[Opening PROVIDED MATERIAL section]

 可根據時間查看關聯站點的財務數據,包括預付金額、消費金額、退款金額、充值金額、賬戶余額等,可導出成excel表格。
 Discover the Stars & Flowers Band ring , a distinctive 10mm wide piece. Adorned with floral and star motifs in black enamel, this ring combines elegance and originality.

[Closing PROVIDED MATERIAL section]
[Opening PROVIDED MATERIAL section]

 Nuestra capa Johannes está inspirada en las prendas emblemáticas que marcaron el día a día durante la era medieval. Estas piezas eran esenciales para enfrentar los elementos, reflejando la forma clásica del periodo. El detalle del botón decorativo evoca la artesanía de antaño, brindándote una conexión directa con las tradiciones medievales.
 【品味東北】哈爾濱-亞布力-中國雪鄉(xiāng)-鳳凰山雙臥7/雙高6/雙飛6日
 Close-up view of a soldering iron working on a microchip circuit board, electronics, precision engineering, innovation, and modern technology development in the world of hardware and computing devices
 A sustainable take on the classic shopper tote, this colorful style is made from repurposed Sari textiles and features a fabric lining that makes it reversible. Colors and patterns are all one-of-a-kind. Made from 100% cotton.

[Closing PROVIDED MATERIAL section]
[Opening PROVIDED MATERIAL section]

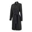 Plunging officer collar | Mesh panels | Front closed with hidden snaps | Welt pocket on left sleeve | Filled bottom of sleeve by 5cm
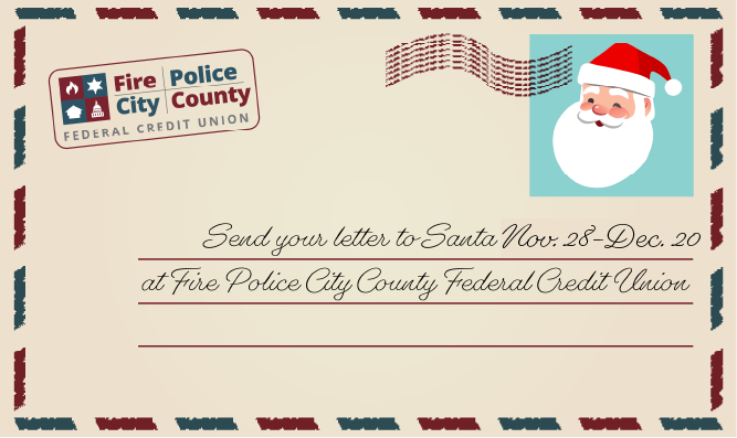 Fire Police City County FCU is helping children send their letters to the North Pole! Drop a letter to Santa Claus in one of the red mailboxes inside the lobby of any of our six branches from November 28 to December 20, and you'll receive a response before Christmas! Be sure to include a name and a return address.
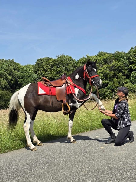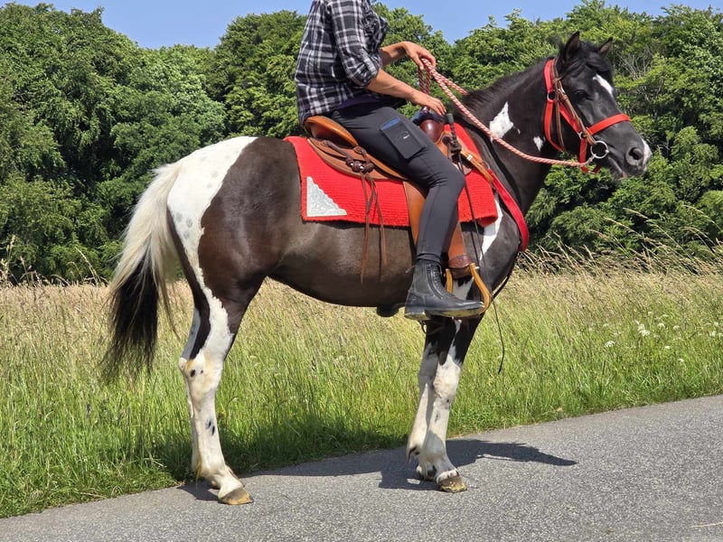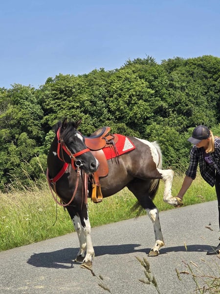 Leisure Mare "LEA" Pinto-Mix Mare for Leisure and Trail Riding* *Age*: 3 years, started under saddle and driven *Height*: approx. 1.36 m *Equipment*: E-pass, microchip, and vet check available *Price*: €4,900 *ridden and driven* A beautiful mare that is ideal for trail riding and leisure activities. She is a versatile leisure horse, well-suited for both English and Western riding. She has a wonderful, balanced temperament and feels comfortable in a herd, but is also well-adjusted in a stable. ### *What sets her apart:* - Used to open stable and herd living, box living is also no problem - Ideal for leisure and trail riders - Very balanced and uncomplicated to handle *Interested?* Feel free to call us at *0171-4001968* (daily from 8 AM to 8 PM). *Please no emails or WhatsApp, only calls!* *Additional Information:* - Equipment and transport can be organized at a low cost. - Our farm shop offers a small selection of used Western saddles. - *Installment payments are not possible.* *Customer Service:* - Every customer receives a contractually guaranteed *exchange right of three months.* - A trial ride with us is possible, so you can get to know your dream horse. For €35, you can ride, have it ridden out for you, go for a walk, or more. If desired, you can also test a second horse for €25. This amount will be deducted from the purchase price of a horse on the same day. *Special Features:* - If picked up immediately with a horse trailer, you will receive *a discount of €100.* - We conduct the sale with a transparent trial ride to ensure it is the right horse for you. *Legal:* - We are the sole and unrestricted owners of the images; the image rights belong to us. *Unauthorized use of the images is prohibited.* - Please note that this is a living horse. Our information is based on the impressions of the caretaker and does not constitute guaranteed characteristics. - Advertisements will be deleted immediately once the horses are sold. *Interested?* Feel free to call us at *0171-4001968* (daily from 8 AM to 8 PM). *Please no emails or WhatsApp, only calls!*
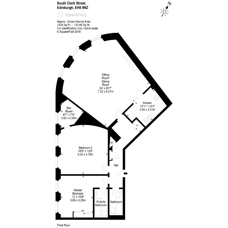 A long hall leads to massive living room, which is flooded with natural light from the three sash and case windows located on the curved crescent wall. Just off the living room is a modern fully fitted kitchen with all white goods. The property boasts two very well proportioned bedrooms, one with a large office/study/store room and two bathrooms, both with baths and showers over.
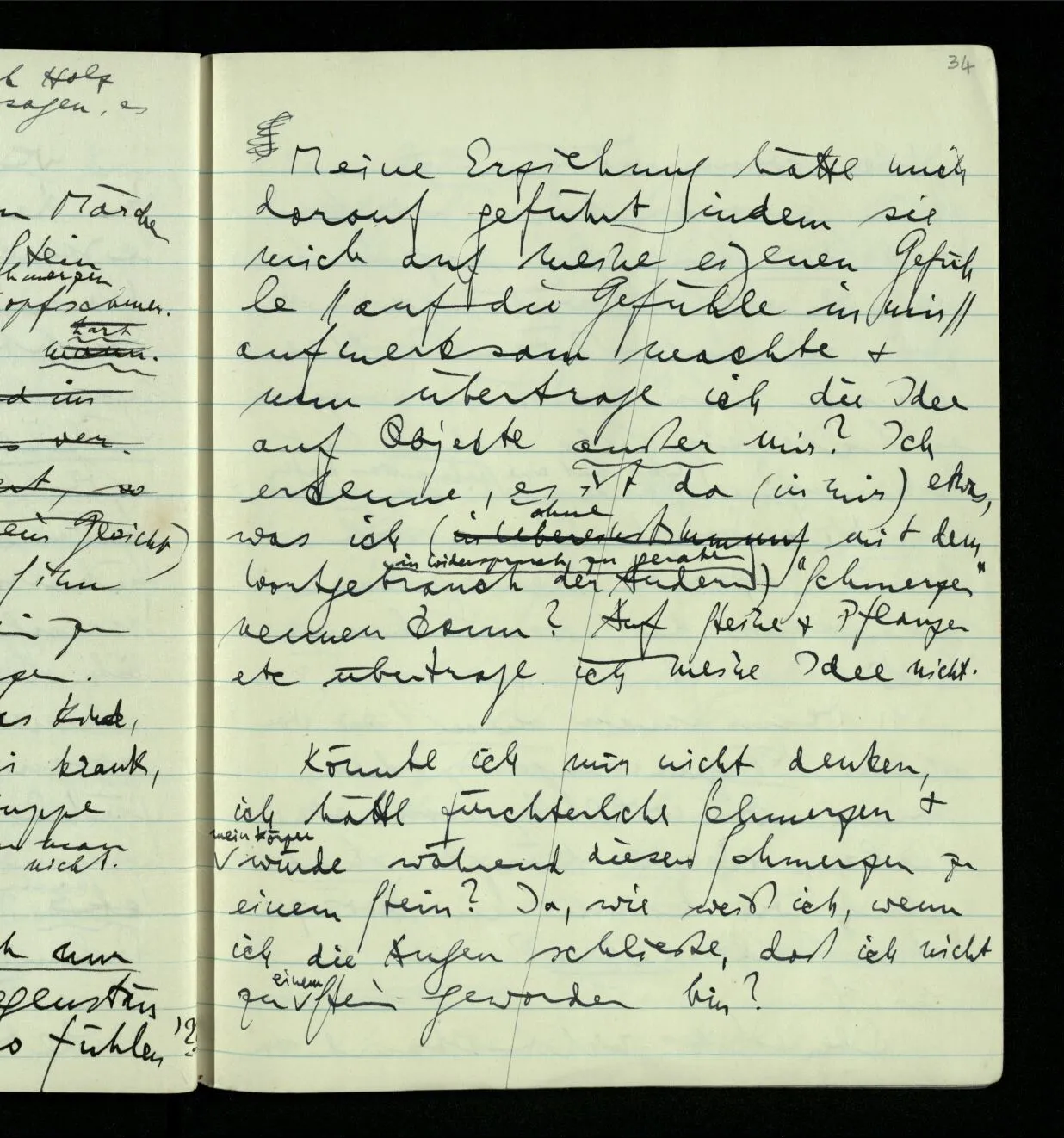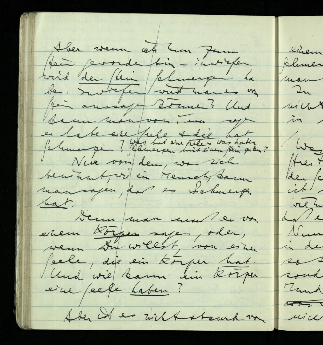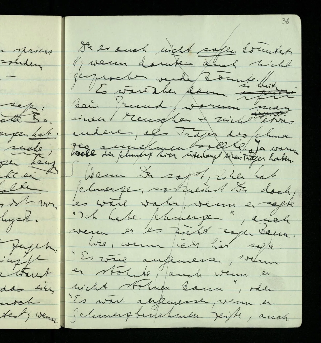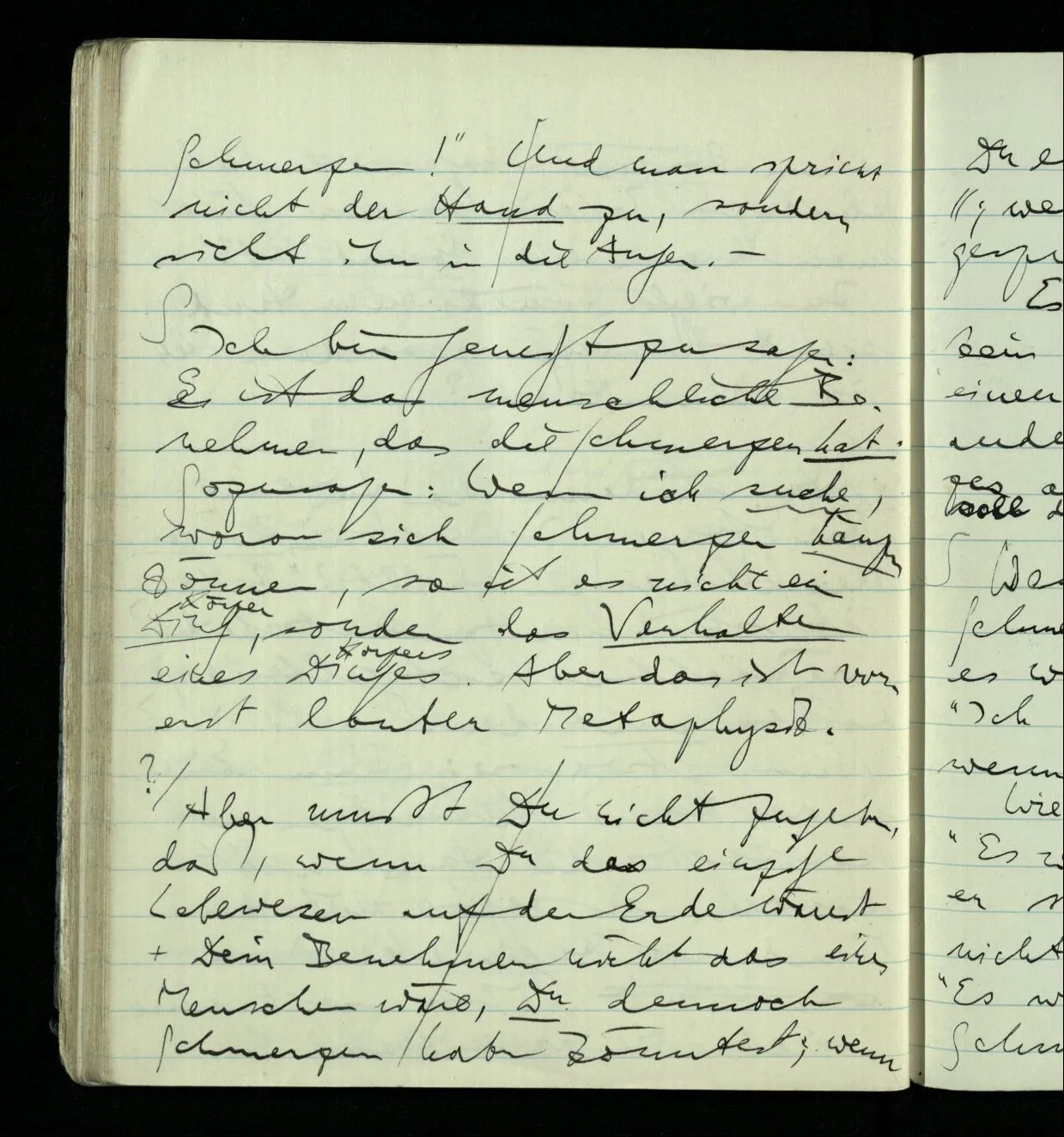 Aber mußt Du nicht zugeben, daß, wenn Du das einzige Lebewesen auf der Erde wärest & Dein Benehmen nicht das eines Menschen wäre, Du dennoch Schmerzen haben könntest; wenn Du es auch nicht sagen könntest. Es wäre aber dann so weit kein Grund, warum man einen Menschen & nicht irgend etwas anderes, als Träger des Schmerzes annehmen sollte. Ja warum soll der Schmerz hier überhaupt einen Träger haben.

[Closing PROVIDED MATERIAL section]

WORK TO COMPLETE
Return only the stretch of the material above from the line holding "可根據時間查看關聯站點的財務" through the line holding "Discover the Stars", copied exactly.

SOLUTION FOR THIS TASK
 可根據時間查看關聯站點的財務數據,包括預付金額、消費金額、退款金額、充值金額、賬戶余額等,可導出成excel表格。
 Discover the Stars & Flowers Band ring , a distinctive 10mm wide piece. Adorned with floral and star motifs in black enamel, this ring combines elegance and originality.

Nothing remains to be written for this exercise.